Roy-Chaudhury P, Kelly B S, Miller M A, Reaves A, Armstrong J, Nanayakkara N, Heffelfinger S C
Division of Nephrology, Department of Medicine, University of Cincinnati, Cincinnati, Ohio 45267-0585, USA.
Kidney Int. 2001 Jun;59(6):2325-34. doi: 10.1046/j.1523-1755.2001.00750.x.
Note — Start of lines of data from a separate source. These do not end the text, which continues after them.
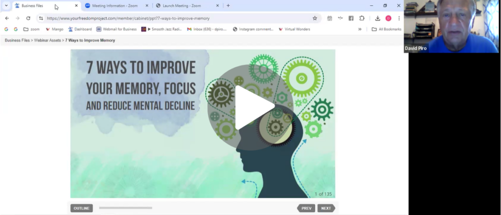Without further ado, I dusted off a few slides from a presentation not too long ago. I reviewed it, and the information is still current. So I will share this with you now. Today’s title and topic will be 7 Ways to Improve Your Memory, Focus, and Reduce Mental Decline.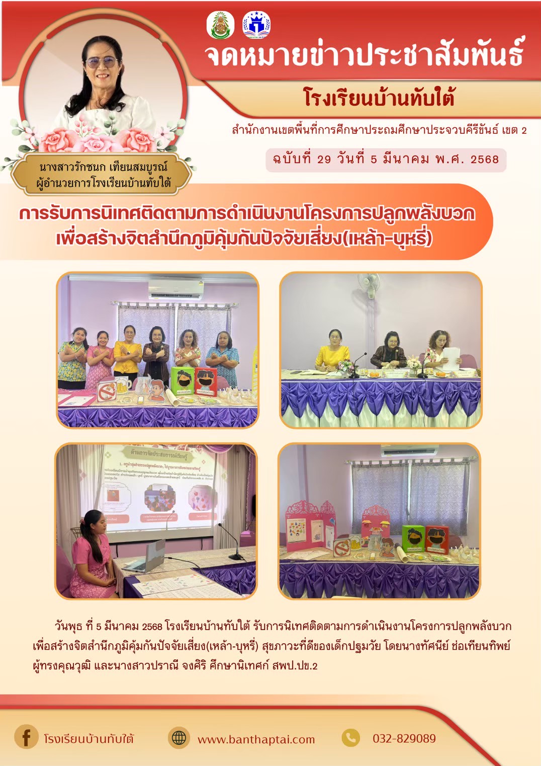 การรับการนิเทศติดตามการดำเนินงานโครงการปลูกพลังบวกเพื่อสร้างจิตสำนึกภูมิคุ้มกันปัจจัยเสี่ยง(เหล้า-บุหรี่)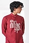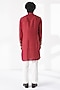 Featuring an earthy red kurta in matka silk base with motif embroidery. It is paired with a pant-style pyjama. Style it with mojaris for a festive occasion, a cultural event, a haldi, a wedding, or an engagement ceremony.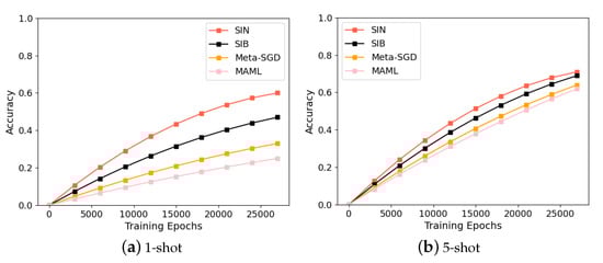 Accuracy performances for unseen samples among state-of-the-art meta-learning methods, with the increasing number of training epochs on the Mini-ImageNet dataset (image classification tasks). (a) One-shot learning. (b) Five-shot learning.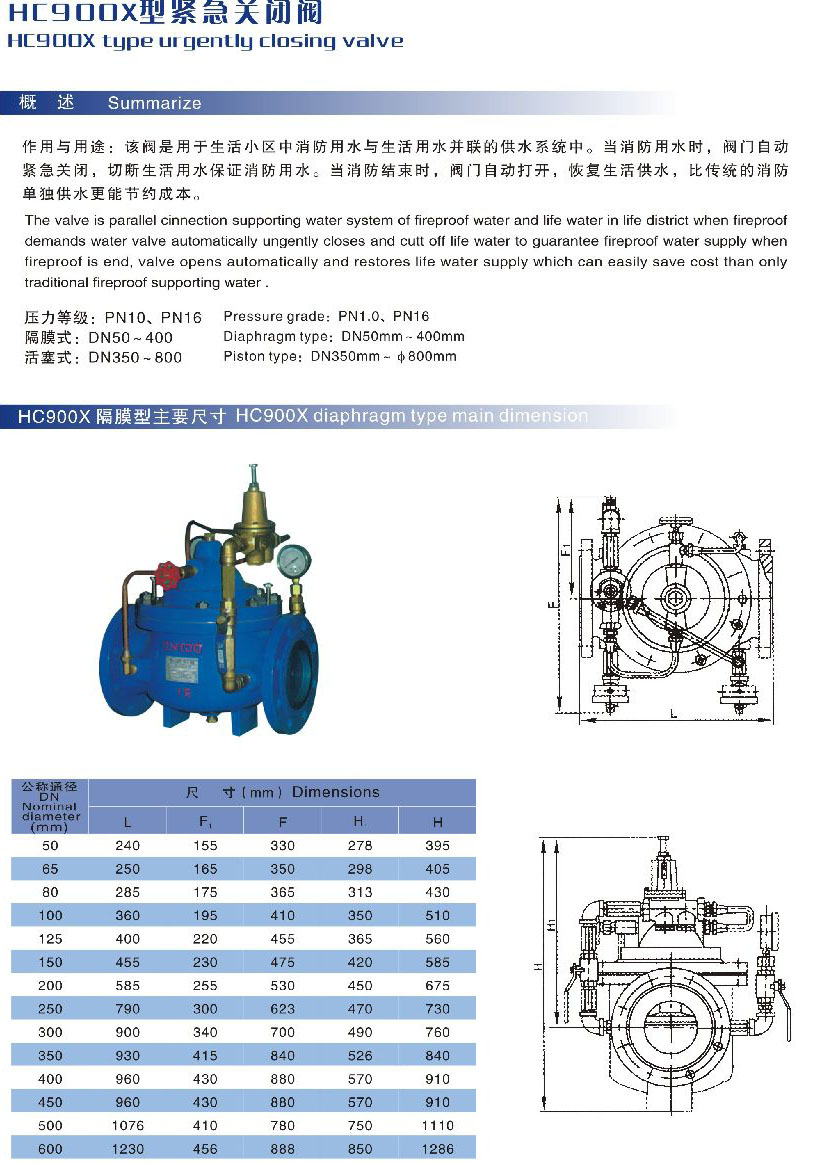 作用与用途:该阀是用于生活小区中消防用水与生活用水并联的供水系统中。当消防用水时,阀门自动紧急关闭,切断生活用水保证消防用水。当消防结束时,阀门自动打开,恢复生活供水,比传统的消防单独供水更能节约成本。

Vascular access dysfunction is the most important cause of morbidity and hospitalization in the hemodialysis population in the United States at a cost of $1 billion per annum. Venous neointimal hyperplasia (VNH) characterized by stenosis and subsequent thrombosis accounts for the overwhelming majority of pathology resulting in polytetrafluoroethylene (PTFE) dialysis graft failure. Despite the magnitude of the problem and the enormity of the cost ($1 billion), there are currently no effective therapies for the prevention or treatment of venous neointimal hyperplasia in PTFE dialysis grafts.
Tissue samples were collected from the graft-vein anastomosis of stenotic PTFE grafts during surgical revision. Specimens were graded using standard light microscopy and immunohistochemistry for the magnitude of neointimal hyperplasia and for the expression of specific cell types, cytokines, and matrix proteins.
VNH was characterized by the (1) presence of smooth muscle cells/myofibroblasts, (2) accumulation of extracellular matrix components, (3) angiogenesis within the neointima and adventitia, and (4) presence of an active macrophage cell layer lining the PTFE graft material. Platelet-derived growth factor (PDGF), basic fibroblast growth factor (bFGF), and vascular endothelial growth factor (VEGF) were expressed by smooth muscle cells/myofibroblasts within the venous neointima, by macrophages lining both sides of the PTFE graft, and by vessels within the neointima and adventitia.
Our results suggest that macrophages, specific cytokines (bFGF, PDGF, and VEGF), and angiogenesis within the neointima and adventitia are likely to contribute to the pathogenesis of VNH in PTFE dialysis grafts. Interventions aimed at these specific mediators and processes may be successful in reducing the very significant human and economic costs of vascular access dysfunction.
在美国,血管通路功能障碍是血液透析人群发病和住院的最重要原因,每年花费达10亿美元。以狭窄及随后的血栓形成为特征的静脉内膜增生(VNH)是导致聚四氟乙烯(PTFE)透析移植物失败的绝大多数病理情况的原因。尽管该问题严重且成本巨大(10亿美元),但目前尚无有效疗法来预防或治疗PTFE透析移植物中的静脉内膜增生。
在手术修复期间,从狭窄PTFE移植物的移植物 - 静脉吻合处采集组织样本。使用标准光学显微镜和免疫组织化学对标本进行分级,以评估内膜增生的程度以及特定细胞类型、细胞因子和基质蛋白的表达。
VNH的特征为:(1)存在平滑肌细胞/肌成纤维细胞;(2)细胞外基质成分的积累;(3)内膜和外膜内的血管生成;(4)PTFE移植物材料内衬有活跃巨噬细胞层。血小板衍生生长因子(PDGF)、碱性成纤维细胞生长因子(bFGF)和血管内皮生长因子(VEGF)由静脉内膜内的平滑肌细胞/肌成纤维细胞、PTFE移植物两侧的巨噬细胞以及内膜和外膜内的血管表达。
我们的结果表明,巨噬细胞、特定细胞因子(bFGF、PDGF和VEGF)以及内膜和外膜内的血管生成可能促成PTFE透析移植物中VNH的发病机制。针对这些特定介质和过程的干预措施可能成功降低血管通路功能障碍带来的巨大人力和经济成本。